#openstack-meeting log

20:00:31 <asadoughi> #startmeeting blueprint ovs-firewall-driver
20:00:32 <openstack> Meeting started Mon Dec 16 20:00:31 2013 UTC and is due to finish in 60 minutes.  The chair is asadoughi. Information about MeetBot at http://wiki.debian.org/MeetBot.
20:00:33 <openstack> Useful Commands: #action #agreed #help #info #idea #link #topic #startvote.
20:00:35 <openstack> The meeting name has been set to 'blueprint_ovs_firewall_driver'
20:01:03 <asadoughi> everyone around for the meeting?
20:01:35 <asadoughi> say hi if you're here for the blueprint ovs-firewall-driver meeting
20:01:42 <JunPark_> hi asadoughi, this is Jun.
20:01:59 <asadoughi> hi JunPark_
20:02:35 <JunPark_> I believe Mike Wilson is here as well.
20:03:31 <kanthi> Hi Amir, Kanthi here
20:03:41 <asadoughi> hi kanthi
20:03:45 <geekinutah> hi all
20:03:47 <geekinutah> <- Mike
20:03:56 <asadoughi> hi geekinutah
20:04:30 <asadoughi> #link https://wiki.openstack.org/wiki/Meetings/Neutron_blueprint_ovs-firewall-driver
20:04:43 <asadoughi> that's the agenda link for today
20:04:59 <asadoughi> #link blueprint https://blueprints.launchpad.net/neutron/+spec/ovs-firewall-driver
20:05:21 <asadoughi> #topic Purpose of blueprint
20:05:41 <asadoughi> I wanted to restate the purpose of the blueprint so everyone's on the same page as far as the direction.

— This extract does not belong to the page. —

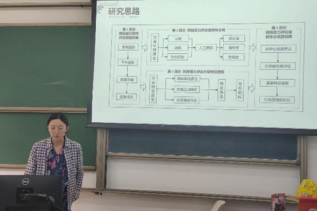 代歆然同学分享了《网络暴力评论者的身份识别》,介绍了网络暴力评论者研究的重要现实意义,介绍了通过网络评论数据爬取、分类模型构建、实证检验等研究过程,提出了群体引导策略。

20:05:46 <asadoughi> To support the security groups extension in the OVS neutron agent through OVS flows using the existing OVS library with feature parity to the existing iptables-based implementations. In Icehouse, the existing openvswitch plugin is being deprecated, so the blueprint is compatible with the ML2 plugin with the openvswitch mechanism driver.
20:06:20 <asadoughi> any questions or comments on the purpose statement?
20:06:52 <geekinutah> seems solid
20:08:02 <asadoughi> ok. on to the next topic...
20:08:17 <asadoughi> #topic Design decisions
20:08:54 <asadoughi> ok, so i wanted to talk about ovs and state. so this took up ~30 minutes of the ml2 meeting so i'll try to be more concise here
20:09:05 <asadoughi> #link https://etherpad.openstack.org/p/ovs-firewall-driver-stateless-2
20:09:27 <asadoughi> that's a link to the etherpad of where my discussion will be surrounding
20:10:06 <asadoughi> so, in ovs today, there are two best practices options of implementing security groups:
20:10:18 <asadoughi> 1. reflexive learning actions (available in OVS today)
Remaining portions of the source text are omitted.